AshJido: Ash Resources as Jido Tools

Mix.install([
  {:ash, "~> 3.12"},
  {:ash_jido, path: "."},
  {:jido, path: "../jido"}
])

Overview

This livebook demonstrates how AshJido bridges Ash Framework resources with Jido agents. The key insight: every Ash action becomes a Jido tool automatically.

You’ll learn:

  1. How to define an Ash resource with the AshJido extension
  2. How AshJido generates Jido.Action modules from Ash actions
  3. How to use those generated actions in a Jido agent via cmd/2

Step 1: Define the Domain and Resource

We’ll create a simple Task resource with CRUD actions, using ETS for in-memory storage.

defmodule Demo.Domain do
  use Ash.Domain, validate_config_inclusion?: false

  resources do
    resource(Demo.Task)
  end
end

defmodule Demo.Task do
  use Ash.Resource,
    domain: Demo.Domain,
    extensions: [AshJido],
    data_layer: Ash.DataLayer.Ets

  ets do
    private?(true)
  end

  attributes do
    uuid_primary_key(:id)
    attribute(:title, :string, allow_nil?: false)
    attribute(:status, :atom, default: :pending)
    timestamps()
  end

  actions do
    defaults([:read, :destroy])

    create :create do
      description("Create a new task")
      argument(:title, :string, allow_nil?: false)
      change(set_attribute(:title, arg(:title)))
    end

    update :complete do
      description("Mark a task as complete")
      change(set_attribute(:status, :complete))
    end
  end

  jido do
    action(:create, name: "create_task", output_map?: true)
    action(:read, name: "list_tasks")
    action(:complete, name: "complete_task", output_map?: true)
    action(:destroy, name: "delete_task")
  end
end

Step 2: Explore the Generated Jido Actions

AshJido automatically generates Jido.Action modules at compile time. Let’s inspect them:

IO.puts("Generated modules:")
IO.puts("  - Demo.Task.Jido.Create")
IO.puts("  - Demo.Task.Jido.Read")
IO.puts("  - Demo.Task.Jido.Complete")
IO.puts("  - Demo.Task.Jido.Destroy")

IO.puts("\nCreate action:")
IO.puts("  name: #{Demo.Task.Jido.Create.name()}")
IO.puts("  schema: #{inspect(Demo.Task.Jido.Create.schema())}")

Step 3: Use Generated Actions Directly

The generated actions work like any Jido.Action - call run/2 with params and context:

context = %{domain: Demo.Domain}

{:ok, task1} = Demo.Task.Jido.Create.run(%{title: "Write documentation"}, context)
IO.inspect(task1, label: "Created task")

{:ok, task2} = Demo.Task.Jido.Create.run(%{title: "Review PR"}, context)
IO.inspect(task2, label: "Created another task")

{:ok, tasks} = Demo.Task.Jido.Read.run(%{}, context)
IO.inspect(tasks, label: "All tasks")

Step 4: Update and Delete

task_id = task1[:id]

{:ok, completed} = Demo.Task.Jido.Complete.run(%{id: task_id}, context)
IO.inspect(completed[:status], label: "Status after complete")

{:ok, _} = Demo.Task.Jido.Destroy.run(%{id: task_id}, context)

{:ok, remaining} = Demo.Task.Jido.Read.run(%{}, context)
IO.inspect(length(remaining), label: "Remaining tasks")

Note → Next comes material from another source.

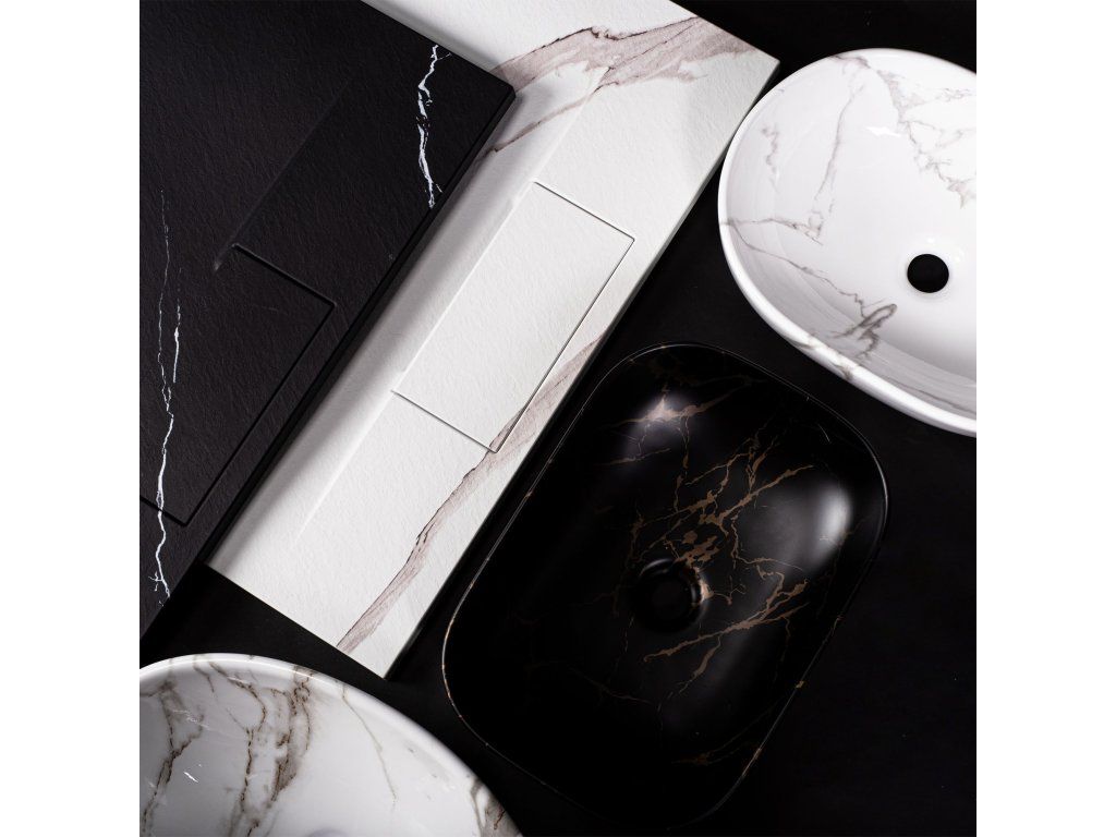 Umyvadlo v bílém lesklém provedení s mramorovým efektem se navíc díky speciální fázi výroby snadno čistí, je velice odolné a má svůj jedinečný vzor.

Step 5: Using Actions in a Jido Agent

Now let’s build a Jido agent that uses these Ash-backed tools:

defmodule Demo.TaskAgent do
  use Jido.Agent,
    name: "task_agent",
    description: "Manages tasks using Ash-backed storage",
    schema: [
      last_task: [type: :map, default: nil],
      task_count: [type: :integer, default: 0]
    ]
end

defmodule Demo.TaskAgent.CreateTask do
  use Jido.Action,
    name: "agent_create_task",
    description: "Create a task via AshJido",
    schema: [title: [type: :string, required: true]]

  def run(params, context) do
    case Demo.Task.Jido.Create.run(params, %{domain: Demo.Domain}) do
      {:ok, task} ->
        current_count = context.state[:task_count] || 0
        {:ok, %{last_task: task, task_count: current_count + 1}}

      {:error, error} ->
        {:error, error}
    end
  end
end

defmodule Demo.TaskAgent.GetTaskCount do
  use Jido.Action,
    name: "agent_get_count",
    description: "Get task count from Ash",
    schema: []

  def run(_params, _context) do
    case Demo.Task.Jido.Read.run(%{}, %{domain: Demo.Domain}) do
      {:ok, tasks} -> {:ok, %{task_count: length(tasks)}}
      {:error, error} -> {:error, error}
    end
  end
end

Step 6: Drive the Agent with cmd/2

alias Demo.TaskAgent
alias Demo.TaskAgent.{CreateTask, GetTaskCount}

agent = TaskAgent.new()
IO.inspect(agent.state, label: "Initial state")

{agent, _} = TaskAgent.cmd(agent, {CreateTask, %{title: "First task from agent"}})
IO.inspect(agent.state, label: "After first create")

{agent, _} = TaskAgent.cmd(agent, {CreateTask, %{title: "Second task from agent"}})
IO.inspect(agent.state, label: "After second create")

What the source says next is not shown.